--- WORK ORDER ---
Take the data below and write it out exactly, except for the pictures.
*** DATA EXTRACT ***
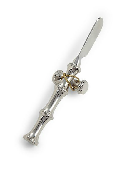 This silver plated cheese knife is handcrafted with bamboo detail. Designed by Thomas Fuchs. Hand Wipe. Made in India.
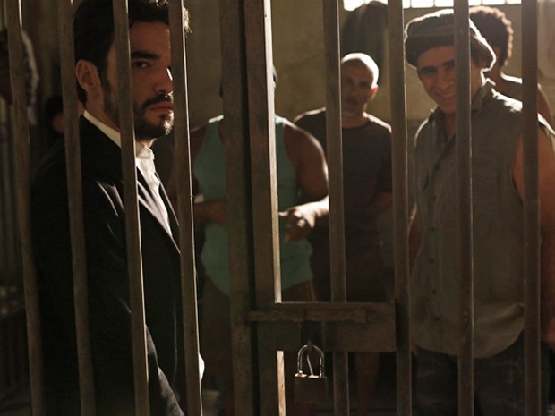 O ator Caio Blat, no personagem José Pedro, na novela "Império", da Rede Globo, na cena em que ele está preso, junto a outros 4 outros presos, ele olha para fora da cela e usa terno sem gravata e os demais usam camisetas. Em primeiro plano as grades da cela , com um cadeado fechado.
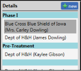 The patient's list of existing insurance detail records appears at the left. Click the record to work with. The details for that record will appear at the right. Since each insurance detail record is associated with a single treatment phase and contract, it is very common for a patient to have multiple records.
*** End of DATA EXTRACT ***
--- RESULT OF THE TASK ---
 This silver plated cheese knife is handcrafted with bamboo detail. Designed by Thomas Fuchs. Hand Wipe. Made in India.
 O ator Caio Blat, no personagem José Pedro, na novela "Império", da Rede Globo, na cena em que ele está preso, junto a outros 4 outros presos, ele olha para fora da cela e usa terno sem gravata e os demais usam camisetas. Em primeiro plano as grades da cela , com um cadeado fechado.
 The patient's list of existing insurance detail records appears at the left. Click the record to work with. The details for that record will appear at the right. Since each insurance detail record is associated with a single treatment phase and contract, it is very common for a patient to have multiple records.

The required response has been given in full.